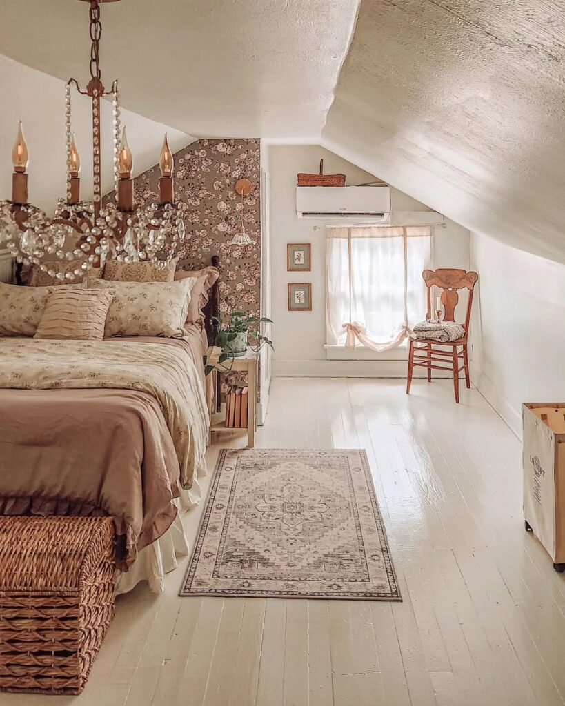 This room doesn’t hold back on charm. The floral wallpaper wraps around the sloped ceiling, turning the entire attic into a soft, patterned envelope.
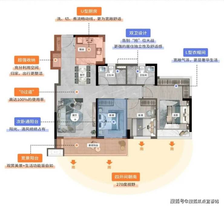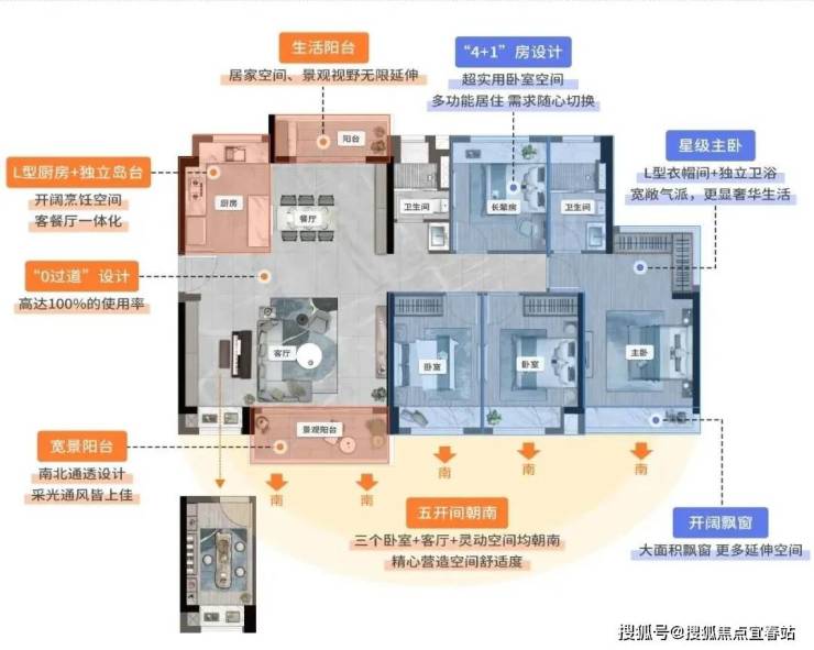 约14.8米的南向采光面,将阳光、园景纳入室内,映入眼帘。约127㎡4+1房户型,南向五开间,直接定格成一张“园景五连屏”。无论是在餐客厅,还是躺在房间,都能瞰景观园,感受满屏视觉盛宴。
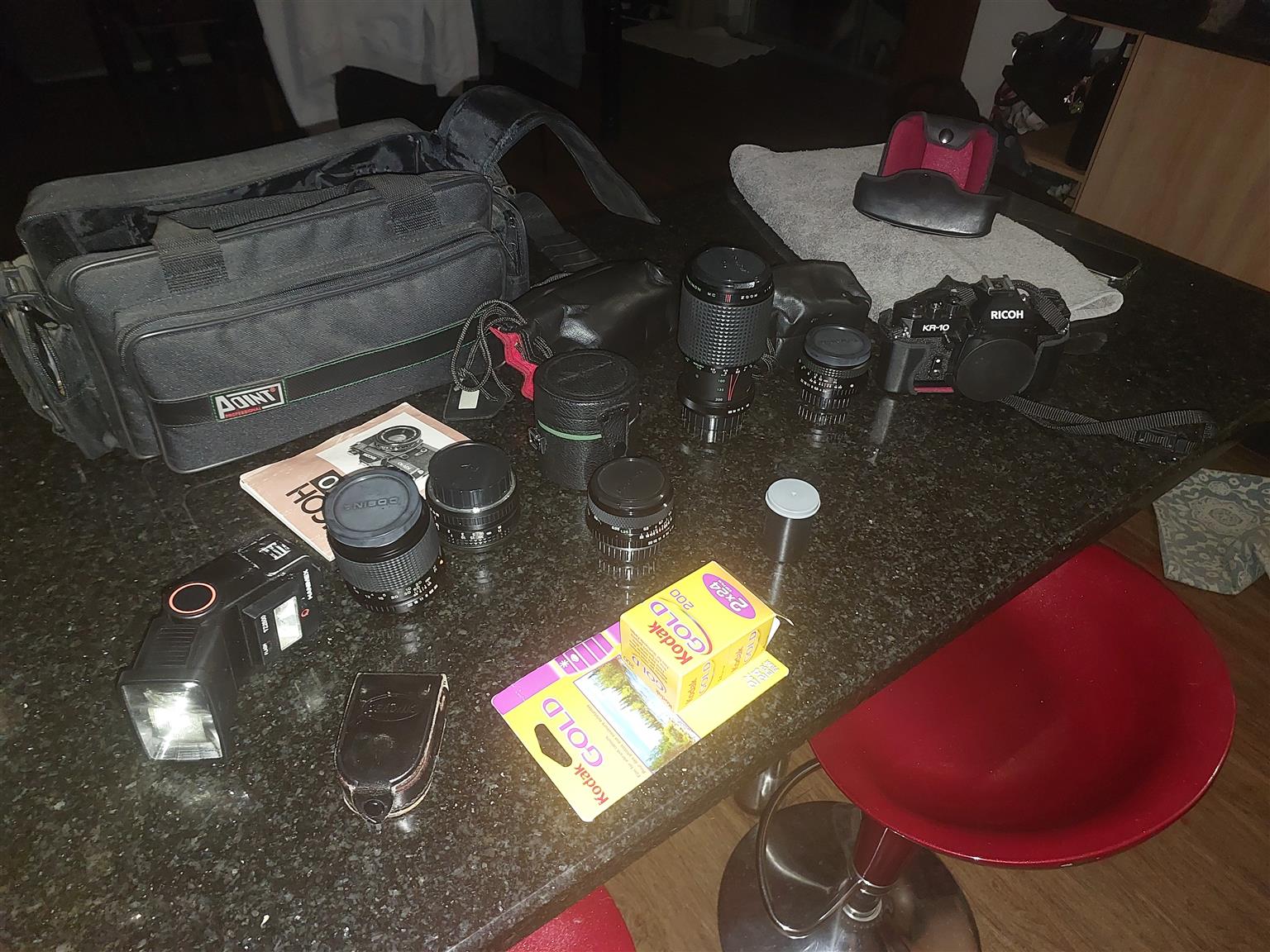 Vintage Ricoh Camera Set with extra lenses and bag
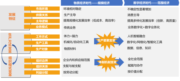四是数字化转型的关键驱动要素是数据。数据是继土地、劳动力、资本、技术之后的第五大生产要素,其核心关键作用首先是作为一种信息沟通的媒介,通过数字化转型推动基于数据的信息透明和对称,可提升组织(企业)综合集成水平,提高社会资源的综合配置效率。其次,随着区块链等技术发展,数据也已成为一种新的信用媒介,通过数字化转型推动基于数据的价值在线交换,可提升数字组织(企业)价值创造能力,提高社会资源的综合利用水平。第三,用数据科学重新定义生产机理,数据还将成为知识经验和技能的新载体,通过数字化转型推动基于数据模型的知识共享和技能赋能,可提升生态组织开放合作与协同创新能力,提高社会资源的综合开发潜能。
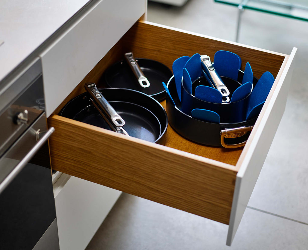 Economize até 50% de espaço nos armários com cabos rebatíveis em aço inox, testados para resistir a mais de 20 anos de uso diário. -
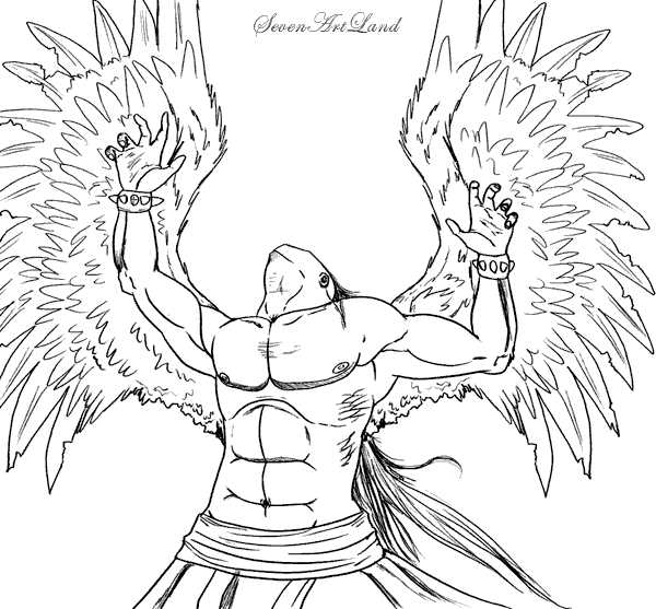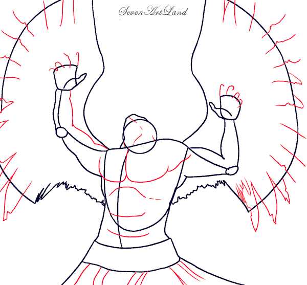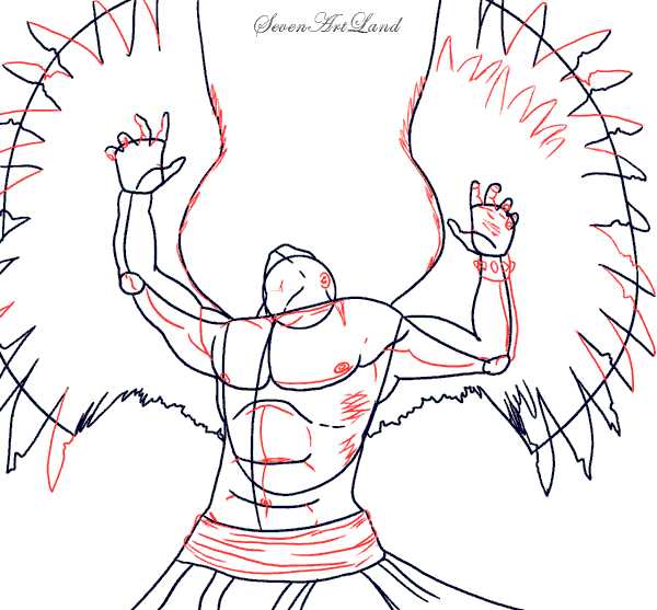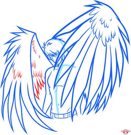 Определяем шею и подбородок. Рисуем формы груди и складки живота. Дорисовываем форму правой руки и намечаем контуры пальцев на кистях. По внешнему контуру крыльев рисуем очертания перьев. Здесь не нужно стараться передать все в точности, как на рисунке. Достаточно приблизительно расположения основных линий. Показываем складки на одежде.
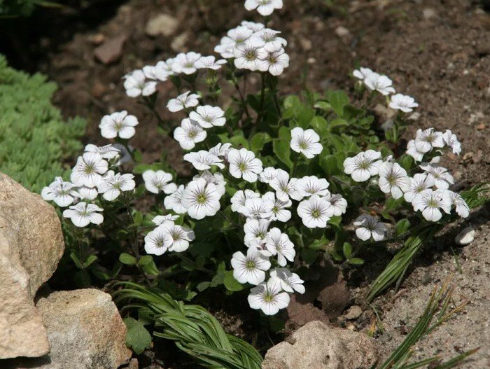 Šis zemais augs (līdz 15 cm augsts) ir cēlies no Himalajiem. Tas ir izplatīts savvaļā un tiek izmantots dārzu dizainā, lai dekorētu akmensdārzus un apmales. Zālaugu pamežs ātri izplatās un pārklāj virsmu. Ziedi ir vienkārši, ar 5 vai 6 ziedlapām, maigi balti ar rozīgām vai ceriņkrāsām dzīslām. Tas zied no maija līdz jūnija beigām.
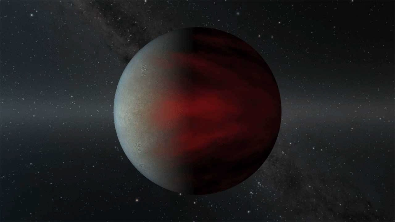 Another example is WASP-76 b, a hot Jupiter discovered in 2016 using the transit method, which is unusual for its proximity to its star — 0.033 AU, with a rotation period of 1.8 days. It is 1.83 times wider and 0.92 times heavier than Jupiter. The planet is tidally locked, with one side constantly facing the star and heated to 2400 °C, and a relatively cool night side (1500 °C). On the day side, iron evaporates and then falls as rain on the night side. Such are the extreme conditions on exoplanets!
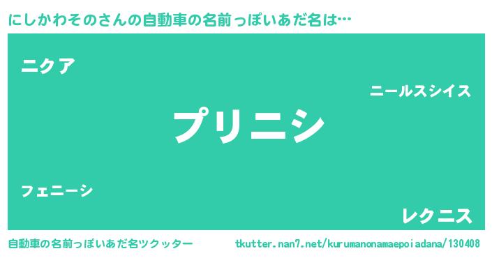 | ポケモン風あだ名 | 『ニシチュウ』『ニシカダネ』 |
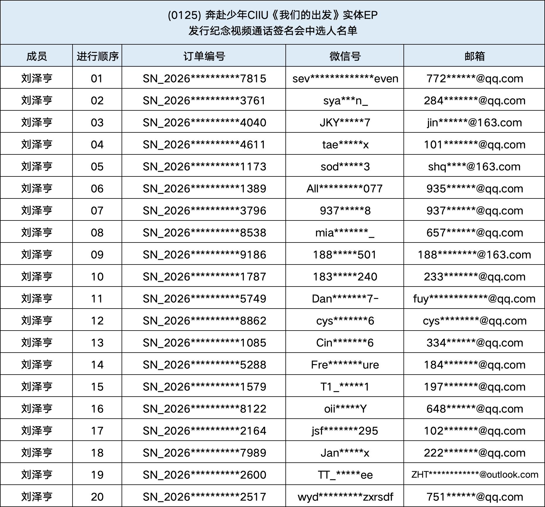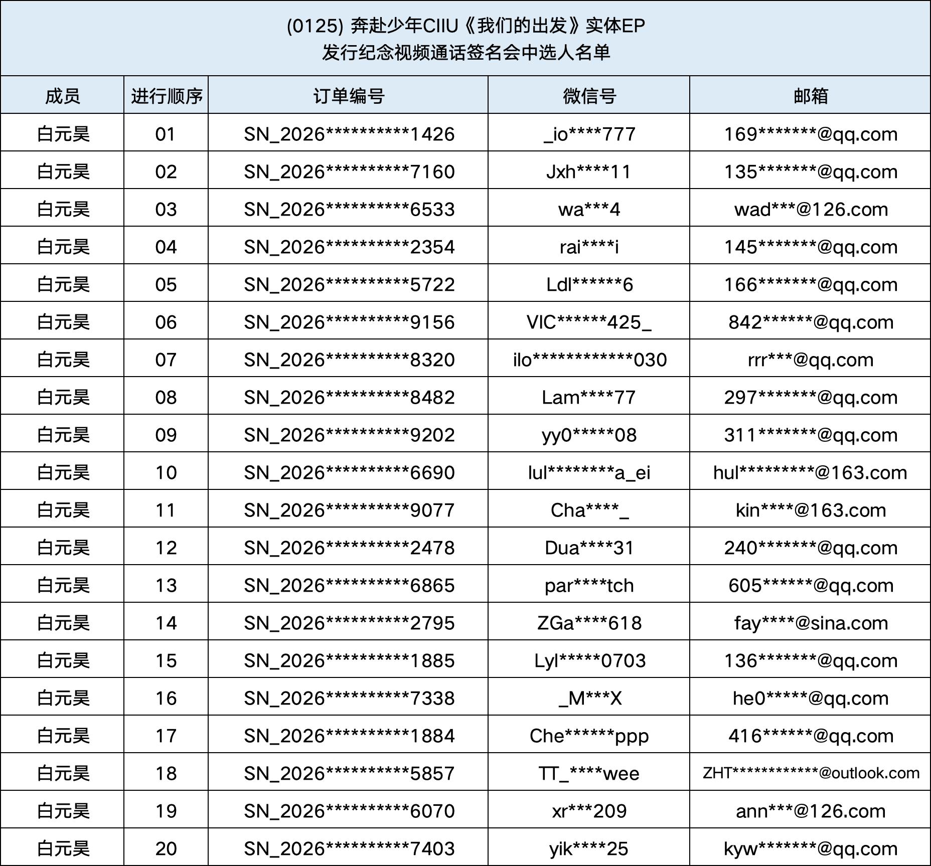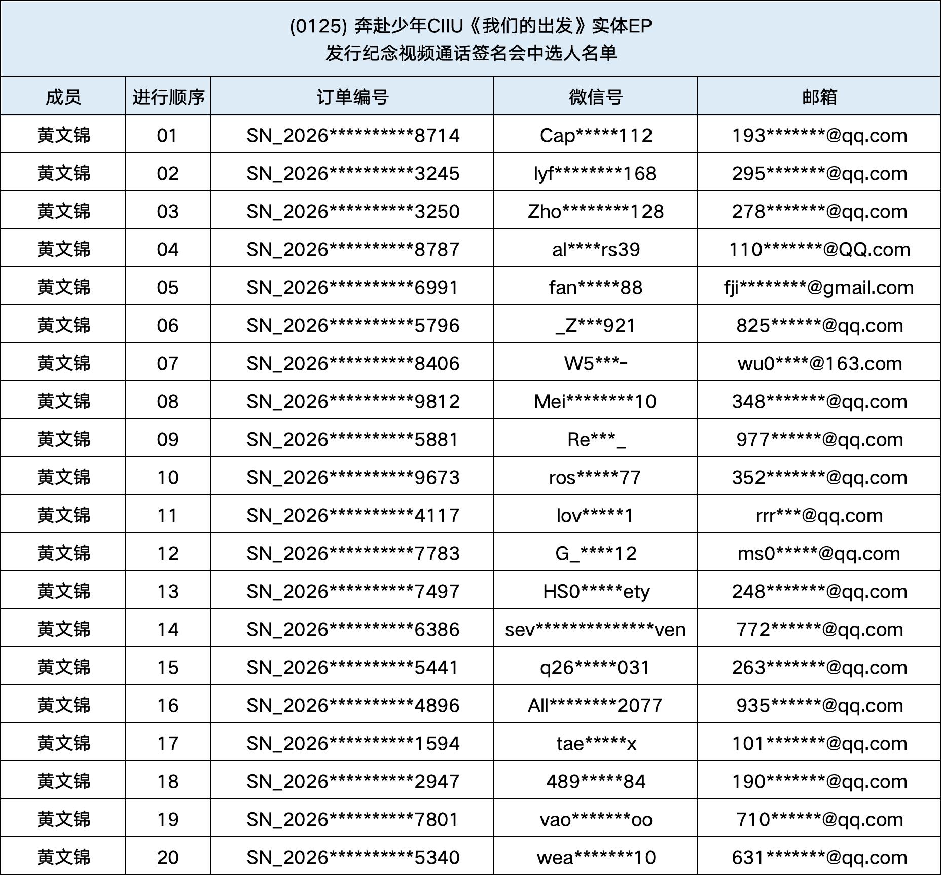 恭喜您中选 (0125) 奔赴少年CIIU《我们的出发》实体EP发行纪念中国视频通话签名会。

→ **PROBLEM REQUIREMENTS**:
Each record above should be restated word for word. The pictures should not appear.

→ **PROBLEM SOLUTION**:
 This room doesn’t hold back on charm. The floral wallpaper wraps around the sloped ceiling, turning the entire attic into a soft, patterned envelope.
 约14.8米的南向采光面,将阳光、园景纳入室内,映入眼帘。约127㎡4+1房户型,南向五开间,直接定格成一张“园景五连屏”。无论是在餐客厅,还是躺在房间,都能瞰景观园,感受满屏视觉盛宴。
 Vintage Ricoh Camera Set with extra lenses and bag
四是数字化转型的关键驱动要素是数据。数据是继土地、劳动力、资本、技术之后的第五大生产要素,其核心关键作用首先是作为一种信息沟通的媒介,通过数字化转型推动基于数据的信息透明和对称,可提升组织(企业)综合集成水平,提高社会资源的综合配置效率。其次,随着区块链等技术发展,数据也已成为一种新的信用媒介,通过数字化转型推动基于数据的价值在线交换,可提升数字组织(企业)价值创造能力,提高社会资源的综合利用水平。第三,用数据科学重新定义生产机理,数据还将成为知识经验和技能的新载体,通过数字化转型推动基于数据模型的知识共享和技能赋能,可提升生态组织开放合作与协同创新能力,提高社会资源的综合开发潜能。
 Economize até 50% de espaço nos armários com cabos rebatíveis em aço inox, testados para resistir a mais de 20 anos de uso diário. -
 Определяем шею и подбородок. Рисуем формы груди и складки живота. Дорисовываем форму правой руки и намечаем контуры пальцев на кистях. По внешнему контуру крыльев рисуем очертания перьев. Здесь не нужно стараться передать все в точности, как на рисунке. Достаточно приблизительно расположения основных линий. Показываем складки на одежде.
 Šis zemais augs (līdz 15 cm augsts) ir cēlies no Himalajiem. Tas ir izplatīts savvaļā un tiek izmantots dārzu dizainā, lai dekorētu akmensdārzus un apmales. Zālaugu pamežs ātri izplatās un pārklāj virsmu. Ziedi ir vienkārši, ar 5 vai 6 ziedlapām, maigi balti ar rozīgām vai ceriņkrāsām dzīslām. Tas zied no maija līdz jūnija beigām.
 Another example is WASP-76 b, a hot Jupiter discovered in 2016 using the transit method, which is unusual for its proximity to its star — 0.033 AU, with a rotation period of 1.8 days. It is 1.83 times wider and 0.92 times heavier than Jupiter. The planet is tidally locked, with one side constantly facing the star and heated to 2400 °C, and a relatively cool night side (1500 °C). On the day side, iron evaporates and then falls as rain on the night side. Such are the extreme conditions on exoplanets!
 | ポケモン風あだ名 | 『ニシチュウ』『ニシカダネ』 |
 恭喜您中选 (0125) 奔赴少年CIIU《我们的出发》实体EP发行纪念中国视频通话签名会。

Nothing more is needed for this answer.